The Bull Flag Pattern is a continuation pattern that indicates a temporary consolidation in an uptrend before the price resumes its upward momentum.
In ICT (Inner Circle Trader) methodologies, this pattern gains further significance when aligned with concepts like liquidity, fair value gaps (FVGs), and order blocks.
1. What is a Bull Flag Pattern in ICT?

A bull flag forms during an uptrend and consists of two main components:
1. Flagpole:
The initial strong upward price movement representing bullish momentum.
2. Flag:
A consolidation phase where the price moves slightly lower or sideways in a tight range, forming a rectangle or downward-sloping channel.
Once the flag formation is complete, the price typically breaks out upward, continuing the previous trend.
2. Key Characteristics of a Bull Flag in ICT
1. Strong Upward Move:
The flagpole should represent a robust bullish rally.
2. Low Volume During Consolidation:
Indicates that the selling pressure is weak during the consolidation phase.
3. Breakout:
The price breaks out of the consolidation range, often with increased volume.
4. Continuation of Trend:
The breakout aligns with the prevailing bullish trend.
3. Bull Flag in ICT Context
In ICT trading, the bull flag can be enhanced using specific concepts:
1. Liquidity Zones:
The flag often forms near liquidity pools (e.g., buy stops above previous highs), signaling smart money’s preparation for a continuation move.
2. Fair Value Gaps (FVGs):
The breakout may occur from an area where an FVG is present, providing a high-probability entry point.
3. Order Blocks:
The flag can consolidate around a bullish order block, which serves as a foundation for the next leg up.
4. How to Trade the Bull Flag Pattern in ICT

Step 1: Identify the Pattern
- Look for a strong bullish move forming the flagpole.
- Observe a consolidation phase where the price retraces slightly but maintains higher lows.
Step 2: Use ICT Tools for Confluence
- Check if the consolidation occurs near an FVG or bullish order block.
- Identify liquidity pools near the breakout zone.
Step 3: Plan Your Entry
- Enter long when the price breaks out of the flag pattern.

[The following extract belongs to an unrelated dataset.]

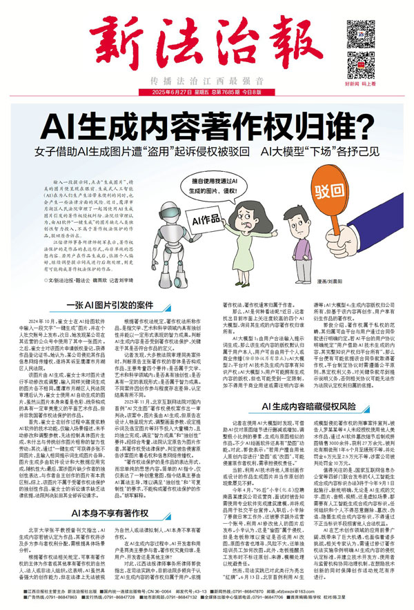 输入一段提示词,点击“生成图片”,精美的图片便呈现在眼前。生成式人工智能(AI)在为人们生产生活带来便利的同时,也会产生一些法律方面的风险。近日,鹰潭市月湖区人民法院审理了一起因使用AI生成图片引发的著作权侵权纠纷。法院经审理认为,由AI软件“一键生成”的图片缺乏人类独创性智力投入,不属于著作权法保护的作品,驳回原告诉求。

- Alternatively, wait for a retracement back to the order block or FVG for a more precise entry.
Step 4: Define Stop-Loss and Target
- Place the stop-loss below the flag’s lower boundary or the order block.
- Set the profit target by projecting the flagpole’s length from the breakout point.
5. Example: Bull Flag on EUR/USD in ICT
1. Scenario
EUR/USD is in an uptrend, rallying from 1.1000 to 1.1100, forming the flagpole. The price then consolidates between 1.1080 and 1.1050, creating the flag.
2. Details
- Flagpole Length: 100 pips.
- Consolidation Range: 1.1050–1.1080.
- Breakout: Price breaks above 1.1080.
3. ICT Context
- Order Block: A bullish order block is present at 1.1040–1.1050, supporting the flag formation.
- Liquidity Pool: Buy stops are above 1.1080, where the breakout occurs.
- Fair Value Gap: An FVG is identified between 1.1065–1.1075, offering an optimal entry point.
4. Trade Setup
- Entry: Enter at 1.1085 after the breakout.
- Stop-Loss: Place at 1.1040 (below the order block).
- Take Profit: Target 1.1185 (flagpole projection from the breakout).
5. Result
The price moves to 1.1185, completing the pattern and yielding a 100-pip gain.
6. Tips for Successful Bull Flag Trading in ICT
1. Wait for Confirmation:
Ensure the breakout is supported by volume or ICT concepts like displacement.
2. Use Multiple Timeframes:
Confirm the pattern and ICT confluences on higher timeframes.
3. Combine with Killzones:
Align entries with key ICT killzones (e.g., London Open) for better timing.
4. Monitor Institutional Moves:
Look for signs of institutional accumulation before the breakout.
7. Conclusion
The bull flag pattern is a powerful continuation strategy, especially when integrated with ICT principles.
By combining this classic chart pattern with advanced ICT concepts like order blocks, liquidity pools, and fair value gaps, traders can achieve precise entries and exits with higher probabilities of success.